Il Parle Anglais, Snowman.

The past four months have been an exercise in my own ability to withstand heartbreak. I have never felt more romanced in my life, and I don't think I've ever used the word 'romance' as much as I have in this time.

I want to say that living in Montreal has been a wonderful experience, but I'm unsure of whether or not I really lived here. I never changed my phone number, and although my bed has been here for the past 4 months, my heart has been elsewhere. I spent November, December and the first part of January living out of a suitcase. I actually spent 16 consecutive days without sleeping in my own bed. Was Montreal ever really home?

It was snowing today. It's still snowing now.

I decided to take a walk shortly after 3h (that's 3am, to everyone outside of Quebec). As soon as I stepped outside I knew that my feet were going to get wet. I hadn't the faintest notion that a late-night walk up St-Laurent would conjure up memories that are so recent they shouldn't have held such nostalgia.

As memories filled my head, slush filled up my shoes, making my thoughts tangible. Making them real.

I walked farther than I had planned, letting myself fall in to a bit of a trance, induced by the romance that swells the air in this fair city. I watched as cabs drove by, not slowing down to see if I could be a fare. They knew that I was walking with a purpose.

But was I, really? I left my apartment, restless, in search of a hot chocolate and some cheese to snack on. What I found was an urge to see if the bottle that had been thrown out the window at that raucous, tequila-fueled party was still on the sidewalk; A desire to allow the slush to penetrate my shoes and soak right through my socks, to chill me to the bone, to let me re-live a moment. A moment that was nothing more than a hiccough.
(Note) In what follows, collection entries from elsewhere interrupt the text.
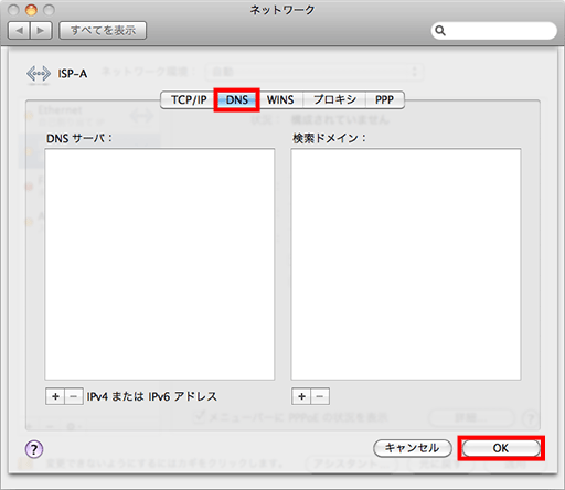 DNSサーバーアドレスを指定するインターネットサービスプロバイダをご利用の場合は、DNSサーバーのIPアドレスの追加を行ってください。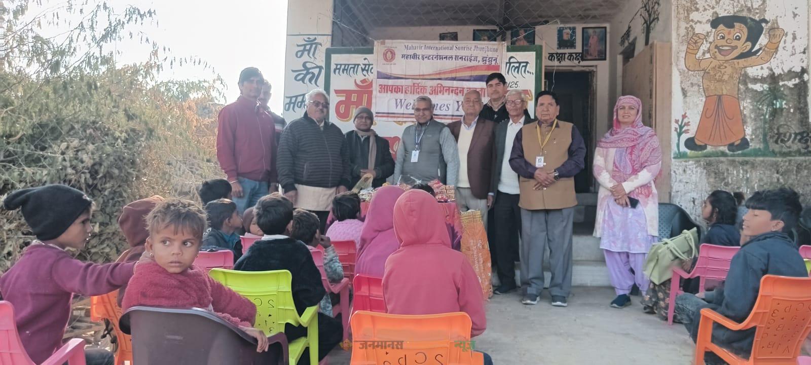 झुंझुनूं : महावीर इंटरनेशनल सनराइज द्वारा देवेंद्र कुमार गोड़ के सौजन्य से स्वर्गीय पुष्पा देवी गोड़ के जन्मदिवस पर रीको औद्योगिक क्षेत्र स्थित ममता की पाठशाला में 60 जरूरतमंद बच्चों को स्नेक्स व स्टेशनरी वितरण की गई। कार्यक्रम में संस्था संरक्षक डॉ एसएन शुक्ला, अंतर्राष्ट्रीय उपाध्यक्ष श्याम सुंदर जालान, रीजन सेक्रेटरी महेश कुमार मुंड, जॉन चैयरमेन नागरमल जांगिड़, ओमप्रकाश ककराणीया, देवेंद्र कुमार गोड़, आदित्य गोड़, आकाश गोड़, प्रदीप कुमार शुक्ला, शिव प्रसाद महर्षि, अशोक शर्मा, प्रमोद कुमार शर्मा, संस्था प्रधान सुमन बुरी, कुशल, कीर्ति, यशस्वी, काफी संख्या में गणमान्य जन एवं वीर वीराएं उपस्थित रहे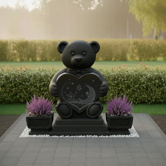 Геометрия модели сверху донизу продумана до мелочей. Основная стела, выполненная в виде медвежонка, имеет плавные, округлые линии, что создаёт ощущение мягкости и уюта. Фигура установлена на ступенчатом основании, которое придаёт всей конструкции дополнительную устойчивость и монументальность. Каждая ступень основания, как и сам медвежонок, имеет идеально отполированные грани, отражающие свет и создающие игру теней. Фактура камня демонстрирует великолепный контраст: зеркальная чёрная полировка основной части стелы и надгробной плиты эффектно сочетается с более матовыми, но при этом гладкими поверхностями резных элементов. Это создаёт ощущение глубины и многогранности, подчёркивая каждую деталь.
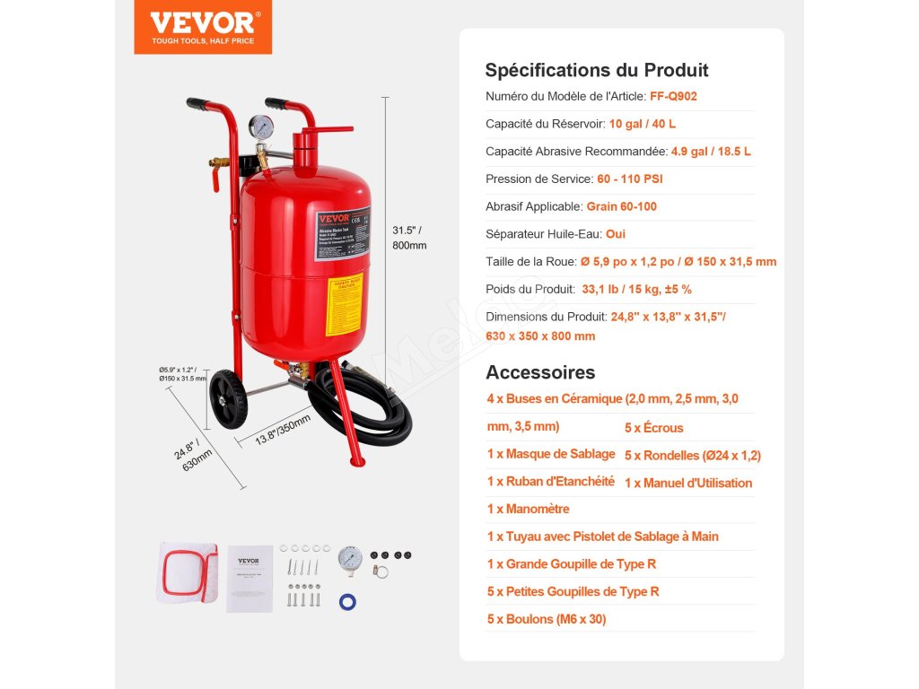 Vyberte si 10-galónový pieskovač VEVOR a zažite jednoduchšiu, efektívnejšiu a presnejšiu povrchovú úpravu. Umožňuje vysokotlakovú úpravu povrchu, bez námahy odstraňuje hrdzu, farbu, škvrny a leští veľké plochy, pričom vykonáva aj dokonalé pieskovanie zakrivených povrchov a medzier.

And after I had walked farther than I had intended to, but not as far as I wanted to, I turned around and walked against the one-way traffic.

I saw him again.
He spoke English.

If the snow outside were the sticky kind, I would build a snowman. For there is no greater company than a man that you've built to your own specifications, whose expiration date is unpredictable, but impending. The death of a snowman is a death that you are always prepared for.

I'm not sure if it's poetic, ironic, or just pathetic that I see great beauty and sadness in that I am leaving the most romantic place I've ever been at the same time that all the bonhomme-de-neiges are melting.

1 comment:

Infrared said...

My relationship with Montreal has always been complicated.